When you take a drug, you expect it to help—not hurt. But inappropriate medications, drugs prescribed or used in ways that outweigh their benefits or pose avoidable risks. Also known as potentially inappropriate prescribing, these are medicines that may be ineffective, dangerous, or simply unnecessary for your condition. This isn’t about illegal drugs or misuse—it’s about legal prescriptions that don’t belong in your medicine cabinet, especially when safer options exist.
Take corticosteroids, powerful anti-inflammatory drugs like prednisone that can spike blood sugar and trigger diabetes even in healthy people. They’re often used short-term for flare-ups, but long-term use without monitoring can lead to steroid-induced diabetes, a preventable condition caused by prolonged steroid exposure. Or consider drug-induced pulmonary fibrosis, a rare but serious lung scarring condition triggered by certain antibiotics, chemotherapy, and heart meds. These aren’t side effects you hear about on TV—they’re silent, progressive, and often missed until it’s too late.

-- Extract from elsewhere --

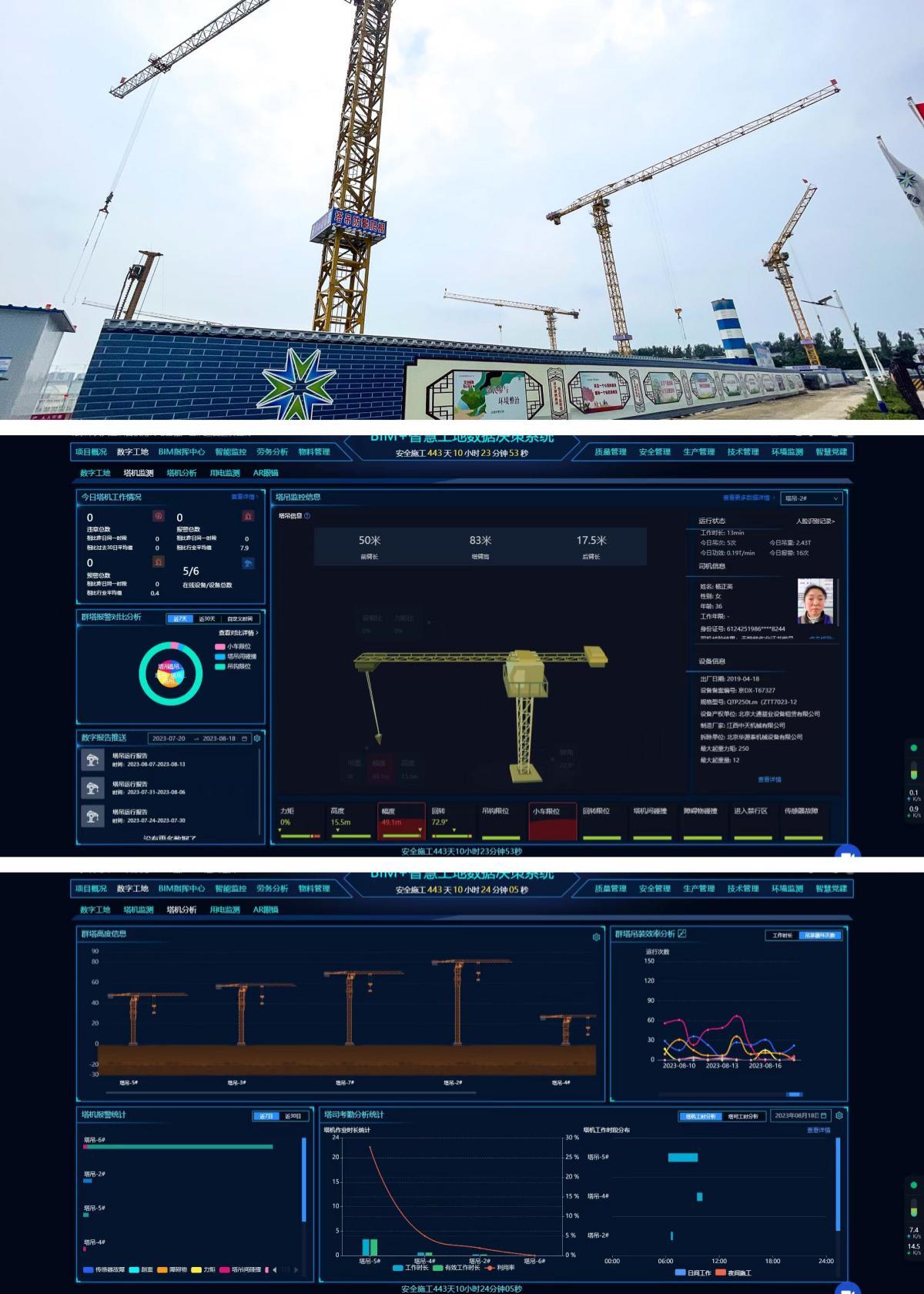 項(xiàng)目裝備塔吊的塔基監(jiān)測系統(tǒng),對(duì)五限位、群塔防碰撞及時(shí)預(yù)警,引入吊鉤可視化設(shè)備,極大提高了塔吊作業(yè)安全和工作效率。

Then there are the hidden dangers: drug interactions, when two or more medications clash inside your body, causing unexpected reactions. Milk thistle sounds harmless, but it can mess with liver enzymes that break down dozens of common drugs. Tyramine in fermented foods can cause deadly blood pressure spikes if you’re on MAOIs. Even over-the-counter decongestants can raise your blood pressure if you’re already on hypertension meds. These aren’t rare edge cases—they happen every day, and doctors don’t always catch them.
Some drugs get pulled because the risks finally outweigh the benefits. Others stay on shelves because they’re profitable, familiar, or prescribed out of habit. The FDA recalls drugs like amiodarone or nitrofurantoin not because they’re useless—but because they scar lungs, damage kidneys, or cause nerve problems in people who don’t need them. Meanwhile, safer alternatives like physical therapy for chronic pain or dietary changes for GERD are often overlooked.

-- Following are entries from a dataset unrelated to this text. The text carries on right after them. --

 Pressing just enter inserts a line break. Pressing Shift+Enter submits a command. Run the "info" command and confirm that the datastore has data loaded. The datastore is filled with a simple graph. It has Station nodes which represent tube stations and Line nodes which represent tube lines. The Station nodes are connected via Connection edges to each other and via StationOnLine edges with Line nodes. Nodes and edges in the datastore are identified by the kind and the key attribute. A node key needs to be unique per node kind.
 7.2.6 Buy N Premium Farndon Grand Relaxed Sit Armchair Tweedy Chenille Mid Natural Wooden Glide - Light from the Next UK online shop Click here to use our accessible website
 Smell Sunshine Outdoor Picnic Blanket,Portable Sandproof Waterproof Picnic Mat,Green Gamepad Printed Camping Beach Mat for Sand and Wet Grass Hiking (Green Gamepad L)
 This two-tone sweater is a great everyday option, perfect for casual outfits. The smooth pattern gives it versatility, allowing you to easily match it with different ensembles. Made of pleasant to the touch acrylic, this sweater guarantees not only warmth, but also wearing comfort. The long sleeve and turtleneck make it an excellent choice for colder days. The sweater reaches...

You don’t need to be a medical expert to spot red flags. If a drug was prescribed years ago and you’ve never had a follow-up, if you’re taking five pills for one problem, or if you’re told "it’s just a side effect" when you feel worse—those are warning signs. The posts below break down exactly which medications are most often misused, why they’re still around, and what you can do to ask better questions and protect your health.
The Beers Criteria help identify medications that may be harmful to older adults. Learn how these guidelines improve safety, reduce hospitalizations, and support better prescribing for people over 65.